Кожецкий заговорил первый:

– Вам, должно быть, показалось глупым, как я нынче старался отличиться. Болтал как институтка.

– Говоря откровенно…

– Вот именно. Но это было необходимо. У меня тут был свой расчет. Неужели вы не поняли, чего я добиваюсь?

– Были моменты, когда у меня было такое впечатление, будто вы говорите наперекор себе.

– Куда там! Это-то нет.

– Значит, вы думаете, что преступление – это то же самое, что и добродетельный поступок?

– Нет. Я думаю, что «преступление» должно быть так же высвобождено, как добродетель.

– Ах!

– Душа человеческая не исследована, как океан. Вглядитесь в себя… И вы узрите там темную бездну, в которую никто не заглядывал. О которой никто ничего не знает. Ни принуждение, ни какая-либо иная сила не может уничтожить то, что мы называем преступлением. Я твердо верю, что в необъятном духе в сто тысяч раз больше добра – да что я говорю! – в нем почти сплошь все добро. Пусть его высвободят! Тогда зло погибнет…

– Можно ли в это поверить?

– Я видел где-то иллюстрацию… На столбе висит преступник. Толпа судей спускается с холма. На их лицах радость, торжество… Хотят, чтобы я поверил, будто этот человек виновен.

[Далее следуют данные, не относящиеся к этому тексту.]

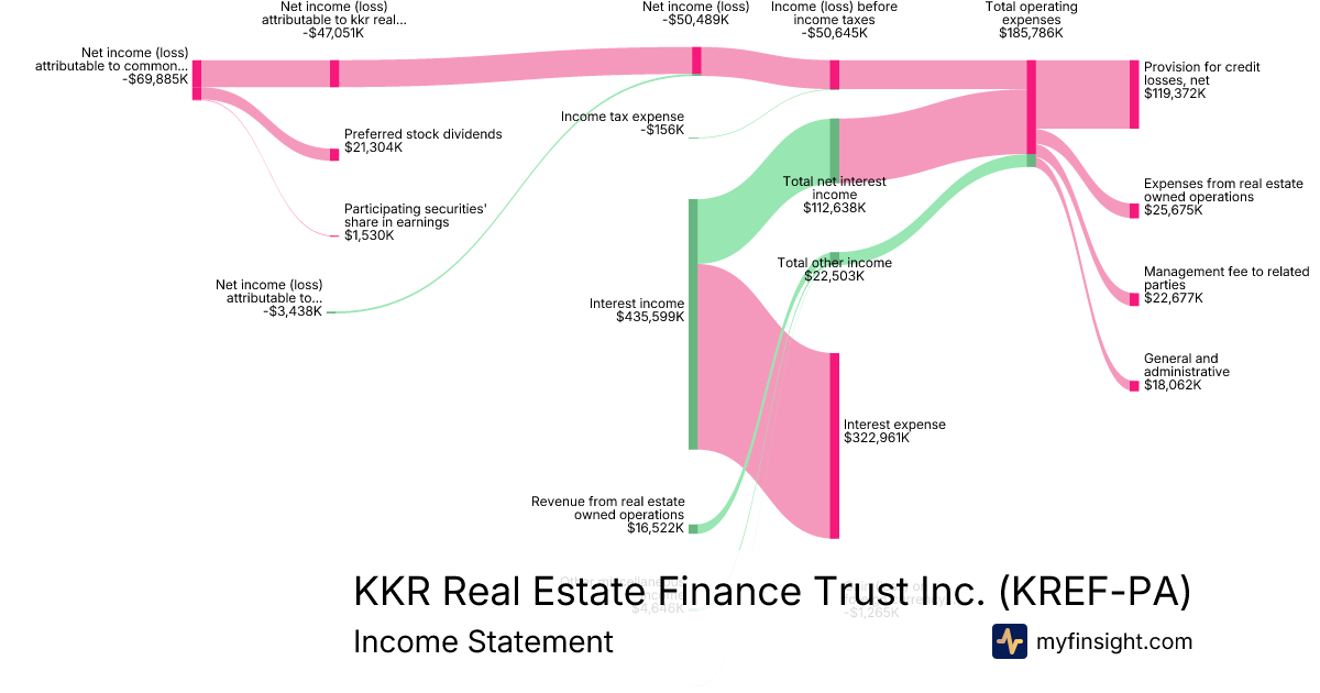 For the year ending 2025-12-31, KREF-PA made $119,372K in revenue. -$69,885K in net income. Net profit margin of -58.54%.

– А почему вы сомневаетесь в этом? Быть может, это был отцеубийца? Что позволяет вам предполагать, что это не так?

– Об этом мне говорит Даймонион.[110]

– Кто?

– Об этом говорит нечто божественное, что живет внутри нас.

– Что же это такое?

– Мне подсказывает сердце. Какой-то внутренний голос из подземелья души… Я пошел бы и припал к стопам того, распятого. И пусть бы тысячи свидетелей присягнули, что он отцеубийца, матереубийца, я все равно снял бы его с креста. Повинуясь этому шепоту. Пусть идет с миром…

Кучер остановил лошадей перед каким-то домом.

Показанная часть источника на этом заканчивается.